National Press Club Criticizes Illinois Court for Coercing Patch.com Reporter

The National Press Club criticized Thursday the decision by an Illinois county judge last week to hold a Patch.com reporter in contempt of court and to impose hundreds of dollars in daily fines after the reporter refused to reveal the source of leaked police reports.

Joseph Hosey, who edits the Shorewood, Ill. Patch website, used police reports provided to him by an anonymous source to report certain lurid details surrounding two high-profile area killings that occurred in January. The defense attorneys for one of the accused suspects called on Will County Circuit Court Judge Gerald Kinney to force Hosey to be questioned under oath about who provided him the case documents.

In August, the judge ordered Hosey to provide all papers he had related to the case and to be prepared to give up his source if the documents did not reveal who leaked the records. The former Herald-News reporter was given six-months to comply with the court order. He could be incarcerated if he fails to comply, according to a Chicago Sun-Times article.

"Judge Kinney's order appears to disregard the Illinois shield law and sends a bad signal to journalists working throughout the state and indeed the country," National Press Club President Angela Greiling Keane said. "The fines that Hosey has been ordered to pay are obscene and coercive."

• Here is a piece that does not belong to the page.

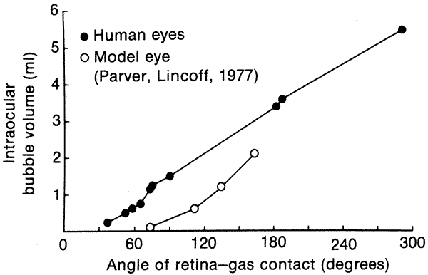 HISTORY The first use of intraocular air recorded in literature was in 1911 by Ohm. He and several subsequent investigators were unaware of the relationship of retinal holes and retinal detachments, but they were still able to reattach an occasional retina. Subsequent to Gonin's discovery that retinal holes were the cause of retinal detachment, Rosengren used intravitreal air injection with drainage of subretinal fluid and diathermy. He achieved a 77% reattachment rate, which was a tremendous advance at that time. In the 1950s, the use of air became less popular because of rapid advances in the scleral buckling technique. Intravitreal air was used for supplementation of buckling procedures throughout that period. In 1973, Norton used sulfur hexafluoride (SF6) gas for a longer tamponade than was provided by air injection for difficult retinal detachments, particularly giant tears.83 Vygantas and colleagues59 were the first to use perfluorocarbon gases to provide a longer intraocular tamponade than SF6. Lincoff and associates then developed several perfluorocarbon gases.65,72 Air, SF6, and perfluoropropane were used for many new vitrectomy procedures throughout the 1970s and 1980s. In 1984, Hilton reported a series of pneumatic retinopexy patients in which he advocated the use of intraocular gas tamponade as a primary treatment for selected retinal detachments.64 MODE OF ACTION AND PHYSICAL PROPERTIES Surface tension between gas bubbles and surrounding fluids is the most important physical property of the gases in retinal reattachment. The gas bubble is positioned so that it occludes the retinal break either continuously or a substantial percentage of the time to prevent bulk flow of fluid through the hole. This allows the natural reabsorption of subretinal fluid to slowly reattach the retina. Surface tension arises from electrostatic attractive forces between fluid molecules. These van der Waals forces are both weaker and longer range than the electronic exchange forces of the chemical bond. Van der Waals forces are responsible for condensation of vapors into liquids. The most important attractive force is the dispersion or London-van der Waals force, which arises from neutral atoms because they are oscillating systems of negative electronic charges around a positive nuclear charge.60 Hydrogen bonding and dipolar interactions also can play a role in surface tension. Dipolar forces arise from uneven charge distribution around a molecule. Internal molecular attraction forces neutralize each other in the bulk of the fluid but are not neutralized at the surface. The surface tension arises from lateral extension of the surface caused by crowding of interior molecules being brought to the surface by the attractive forces that are not neutralized. The attractive intermolecular forces decrease as the seventh power of the intermolecular distance. Thus, the surface tension layer is only one to two molecules thick. The saline–gas interface produces the highest surface tension available to the ophthalmologist (measuring approximately 60 ergs/cm2), because the attractive forces in the saline are not neutralized by the overlying air at the air–fluid interface. Another important property of gas is buoyancy, which is a result of the large difference in specific gravity between fluid and gas. A fresh, freely movable superior tear tamponaded with a large air bubble will usually displace fluid inferiorly and away from the tear, allowing it to flatten against the wall of the eye. Buoyancy directs the effectiveness of the tamponade, which for gases on earth must always be in the gravitational upward direction. Large bubbles and face-down positioning are required to tamponade inferior retinal breaks. The solubility of a gas in the aqueous medium is the most important property determining the reabsorption rate of a gas bubble from the vitreous cavity.61 If the gas bubble is less soluble than nitrogen, expansion of the bubble can occur. Expansion can also occur with relatively soluble gases such as air when the patient is breathing nitrous oxide, which is more soluble than air in water. The relationship between bubble volume and its arc of contact inside the eye is important. It determines how much gas is necessary to treat a tear or group of tears of a specific size and proximity. By using a glass model eye, it was determined that in an average eye with a diameter of 21 mm, approximately 0.28 ml of gas is required to give a 90-degree arc of contact.62,63 In a larger myopic eye of 24-mm diameter, 0.42 mL would be required. The respective volumes for an arc of contact of 120 degrees are 0.75 mL for the normal eye and 1.13 mL for the myopic eye. An arc of contact of 180 degrees requires respective bubble sizes of 2.4 mL and 3.62 mL. A later study using computed tomography of actual human eyes showed that for an arc of contact of 90 degrees, a somewhat greater volume of approximately 1.5 mL was required (Fig. 3).64 BIOCOMPATIBILITY SF6 and the perfluorocarbon gases have a purity of 99.8% or better. Although they are frequently injected as mixtures with air, the pure gases are usually described as chemically nonreactive, colorless, odorless, and nontoxic. Earlier papers show haziness of the vitreous after SF6, perfluorocarbon, and air injection.65 Pathologic examination of the retina showed some changes in the outer layer of the retina, but these changes were no worse in eyes injected with long-acting gas than in the eyes injected with air.66 A study using SF6 and perfluoropropane monitored by the FDA under an investigational device exemption for pneumatic retinopexy showed no significant flare or cell with the biomicroscope.67 No significant vitreous inflammation measured by the National Eye Institute scale was noted for either SF6 or perfluoropropane. SF6 may contain up to 0.3 ppm of hydrogen fluoride. This is generally regarded as the most toxic contaminant found in SF6. There is an established threshold limi
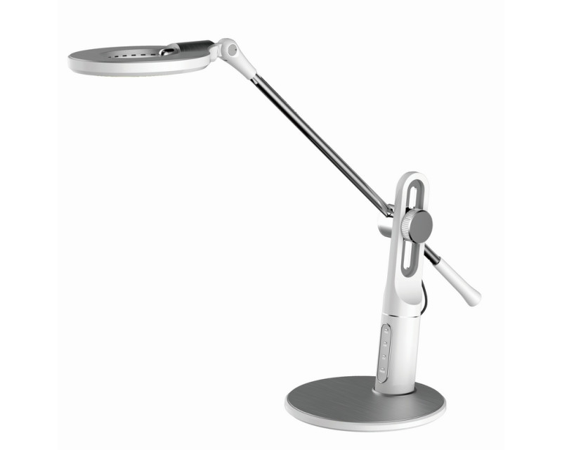 Moderní stmívatelná kancelářská lampička o svítivosti 550Lm pro osvětlení každého pracovního prostoru stolu. Využívá vysoce úspornou SMD LED technologii s dlouhou životností. Na kulaté základně lampy s imitací broušeného hliníku je umístěn dotykový panel s tlačítky i pro stmívání a změnu teploty chromatičnosti.

Hosey's attorney has said he will file an appeal with the Illinois Appellate Court. The $300 in daily fines have been stayed in the meantime.

The state's shield law gives reporters protection from being compelled to reveal their sources if police have not first exhausted "all other available sources of information," so long as the sought-after information is not "essential to the protection of the public interest involved," according to the Reporters Committee for Freedom of the Press.